Record extracts
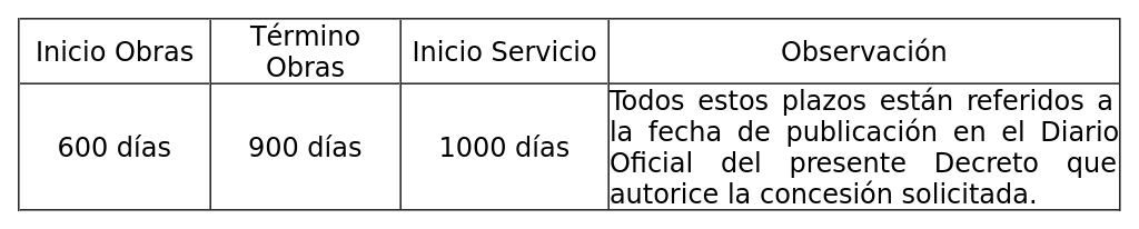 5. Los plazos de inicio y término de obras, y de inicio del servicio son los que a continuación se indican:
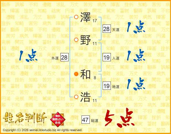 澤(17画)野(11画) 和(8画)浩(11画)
==
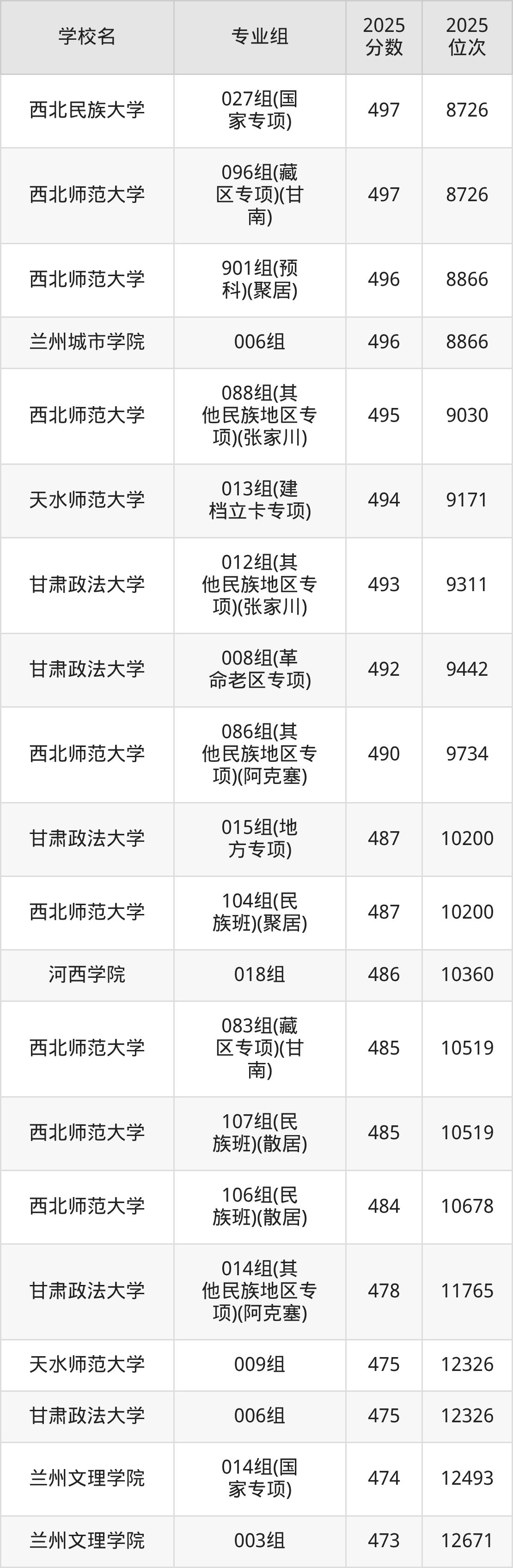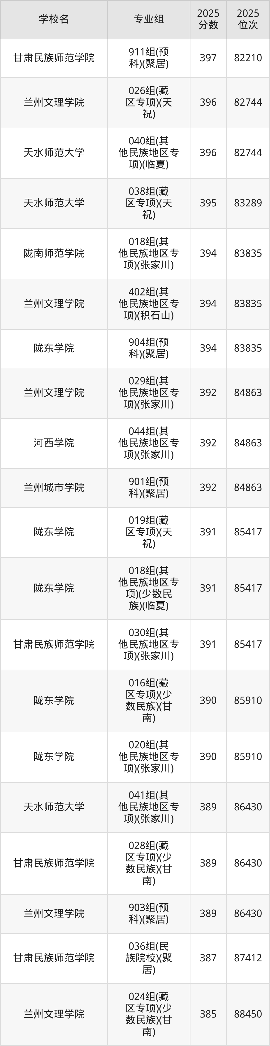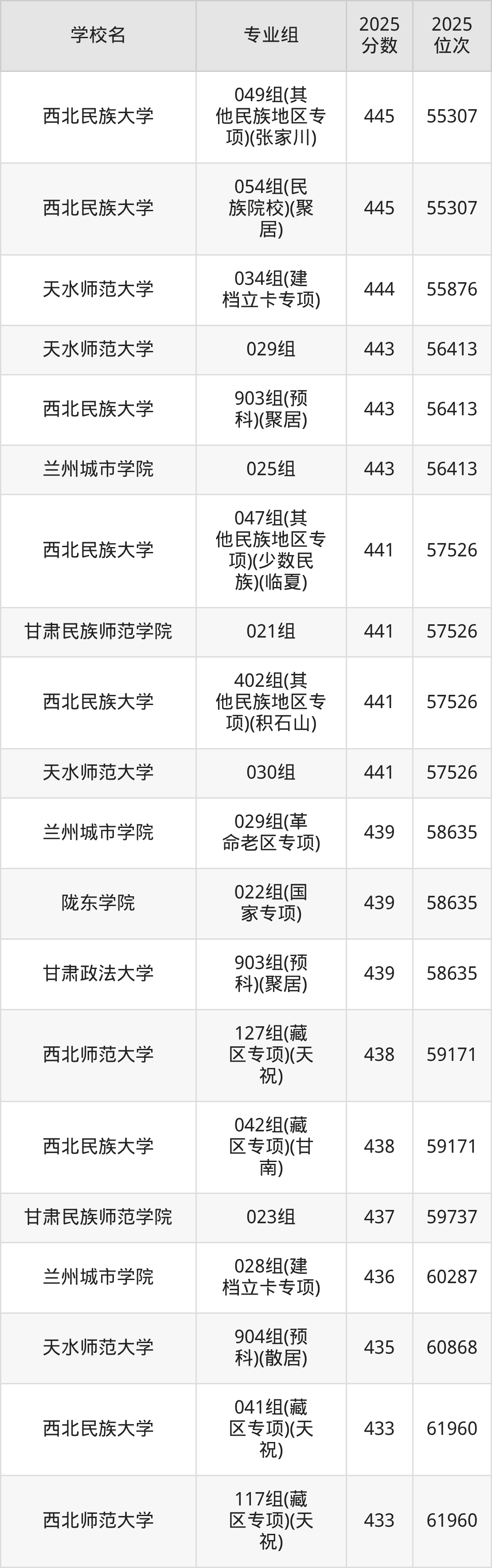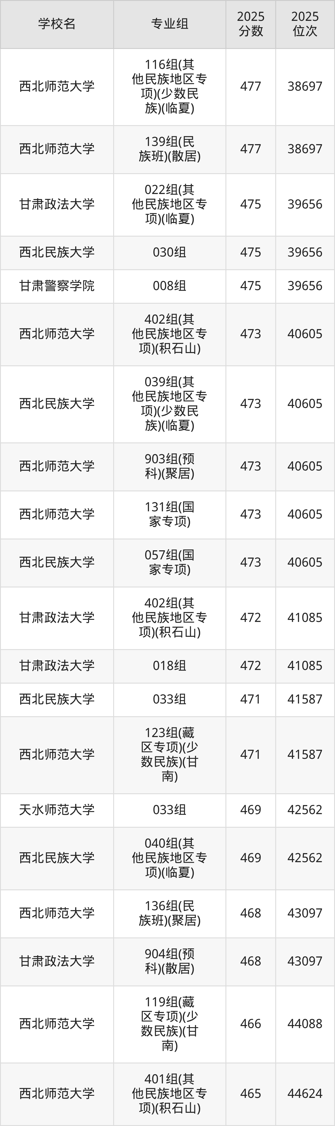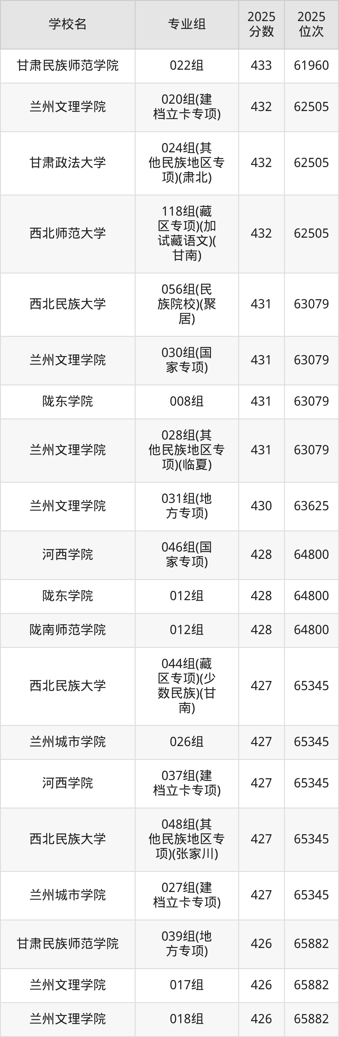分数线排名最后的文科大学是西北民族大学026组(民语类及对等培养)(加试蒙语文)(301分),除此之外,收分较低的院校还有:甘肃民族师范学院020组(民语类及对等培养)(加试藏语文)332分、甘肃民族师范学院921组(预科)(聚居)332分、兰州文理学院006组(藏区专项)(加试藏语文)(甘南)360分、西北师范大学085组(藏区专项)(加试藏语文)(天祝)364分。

What the exercise asks
Exact copy, no pictures. Write out the lines in the entries above, starting with the line with "5. Los plazos" and going on through the line with "澤(17画)野(11画) 和(8画)浩(11画)", keeping both.

The completed task
 5. Los plazos de inicio y término de obras, y de inicio del servicio son los que a continuación se indican:
 澤(17画)野(11画) 和(8画)浩(11画)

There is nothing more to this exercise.